Segment Start: Given material

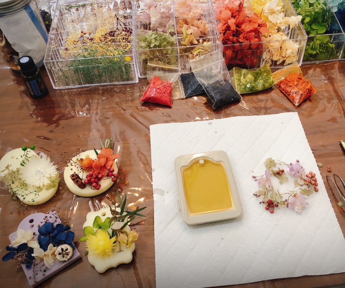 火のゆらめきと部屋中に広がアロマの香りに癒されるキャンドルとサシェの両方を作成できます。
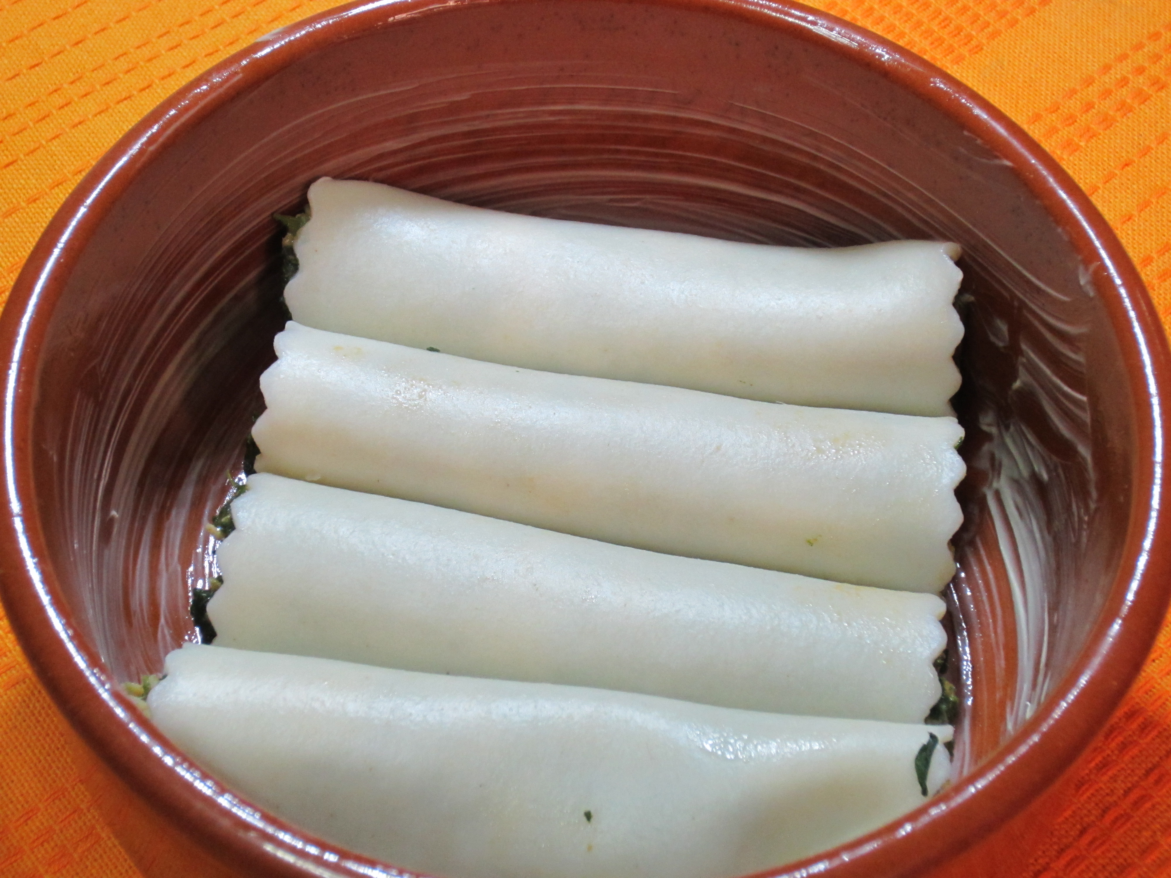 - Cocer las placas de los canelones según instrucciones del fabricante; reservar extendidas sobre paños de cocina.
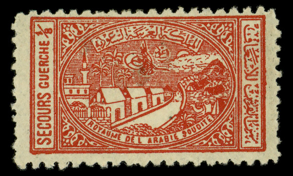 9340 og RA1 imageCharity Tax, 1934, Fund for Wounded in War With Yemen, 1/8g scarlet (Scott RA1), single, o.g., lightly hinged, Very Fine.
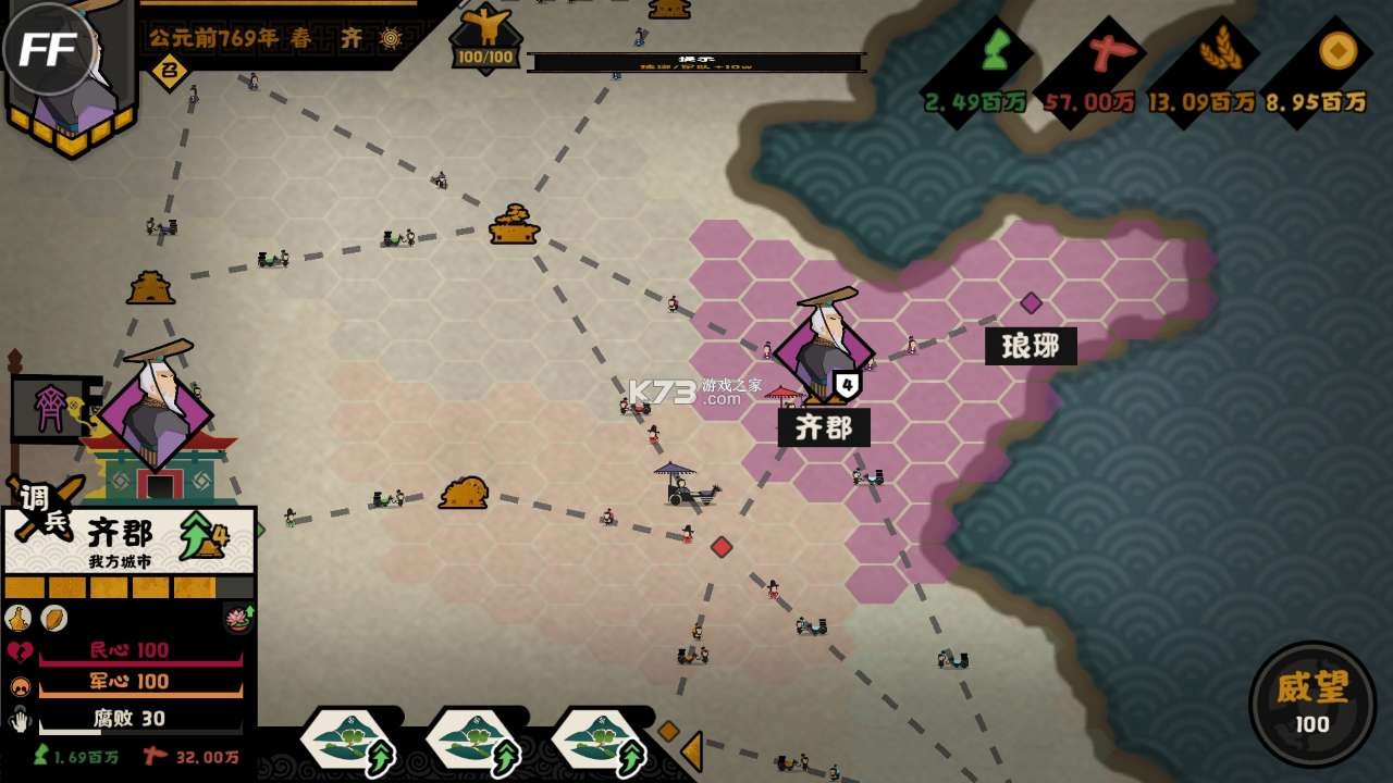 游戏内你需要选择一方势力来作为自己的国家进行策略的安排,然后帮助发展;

Segment End: Given material

▶ Task directions
Would you restate the listing word for word without its pictures?

▶ Problem solution
 火のゆらめきと部屋中に広がアロマの香りに癒されるキャンドルとサシェの両方を作成できます。
 - Cocer las placas de los canelones según instrucciones del fabricante; reservar extendidas sobre paños de cocina.
 9340 og RA1 imageCharity Tax, 1934, Fund for Wounded in War With Yemen, 1/8g scarlet (Scott RA1), single, o.g., lightly hinged, Very Fine.
 游戏内你需要选择一方势力来作为自己的国家进行策略的安排,然后帮助发展;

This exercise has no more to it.